The data below:
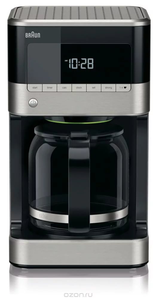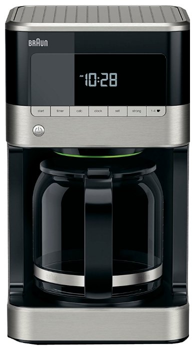 • LCD-дисплей делает управление кофеваркой удобным и несложным: вы можете сами выбрать крепость приготавливаемого напитка, сварить не 10, а всего 4 или даже 1 чашку кофе.
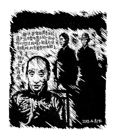 劉春杰說,魯迅先生是中國現(xiàn)代版畫之父,在上世紀30年代,他作為普通作家,舉辦了一次版畫講學班,在不經(jīng)意間為中國的版畫振興譜寫了序曲,也培養(yǎng)出大批中國最優(yōu)秀的藝術(shù)家,留下了非常動人的木刻作品,現(xiàn)在都已成為學習的經(jīng)典作品。反映魯迅的美術(shù)作品、版畫作品很多,研究魯迅的文章也不計其數(shù)。但是作為一個木刻家,同時用自己的筆來寫魯迅、用自己的木刻來表現(xiàn)魯迅,還沒有人做到。在《私想魯迅》中,劉春杰做了嘗試。
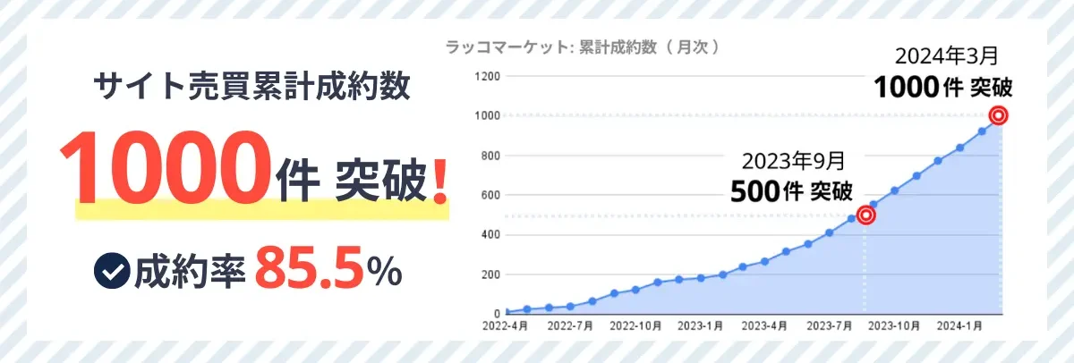 ラッマーケットは2022年4月のサービス開始から2年で累計成約数は1000件を突破しました。その間の成約率は85%超えと業界トップレベルです。
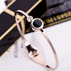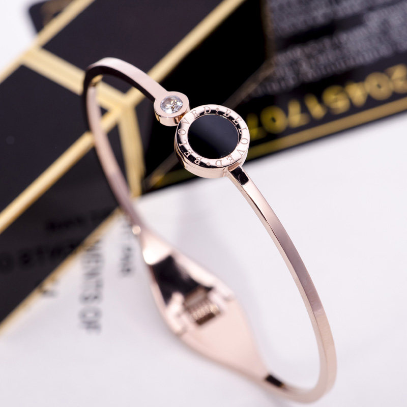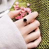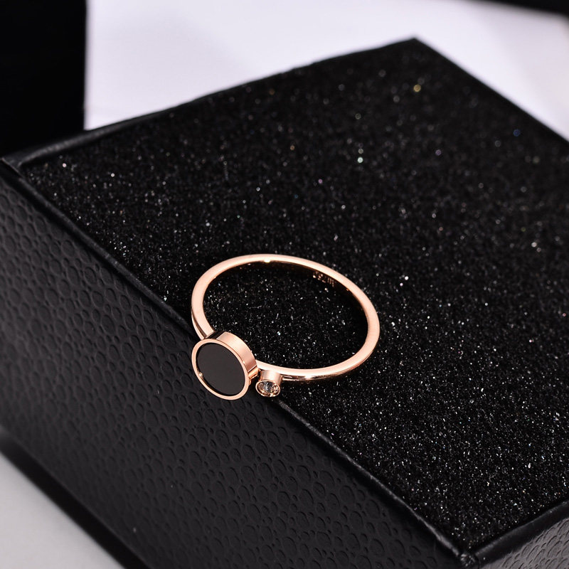 欧美镀18k玫瑰金个性黑色圆形带钻戒指女款食指环钛钢戒子配饰品
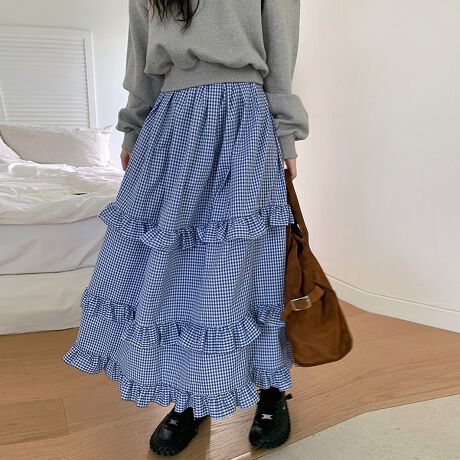 ギンガムチェック柄が目を惹くティアードフリルスカートです。
End of The data.
Restate each of the entries above word for word and skip every image.

**Your solution**
 • LCD-дисплей делает управление кофеваркой удобным и несложным: вы можете сами выбрать крепость приготавливаемого напитка, сварить не 10, а всего 4 или даже 1 чашку кофе.
 劉春杰說,魯迅先生是中國現(xiàn)代版畫之父,在上世紀30年代,他作為普通作家,舉辦了一次版畫講學班,在不經(jīng)意間為中國的版畫振興譜寫了序曲,也培養(yǎng)出大批中國最優(yōu)秀的藝術(shù)家,留下了非常動人的木刻作品,現(xiàn)在都已成為學習的經(jīng)典作品。反映魯迅的美術(shù)作品、版畫作品很多,研究魯迅的文章也不計其數(shù)。但是作為一個木刻家,同時用自己的筆來寫魯迅、用自己的木刻來表現(xiàn)魯迅,還沒有人做到。在《私想魯迅》中,劉春杰做了嘗試。
 ラッマーケットは2022年4月のサービス開始から2年で累計成約数は1000件を突破しました。その間の成約率は85%超えと業界トップレベルです。
 欧美镀18k玫瑰金个性黑色圆形带钻戒指女款食指环钛钢戒子配饰品
 ギンガムチェック柄が目を惹くティアードフリルスカートです。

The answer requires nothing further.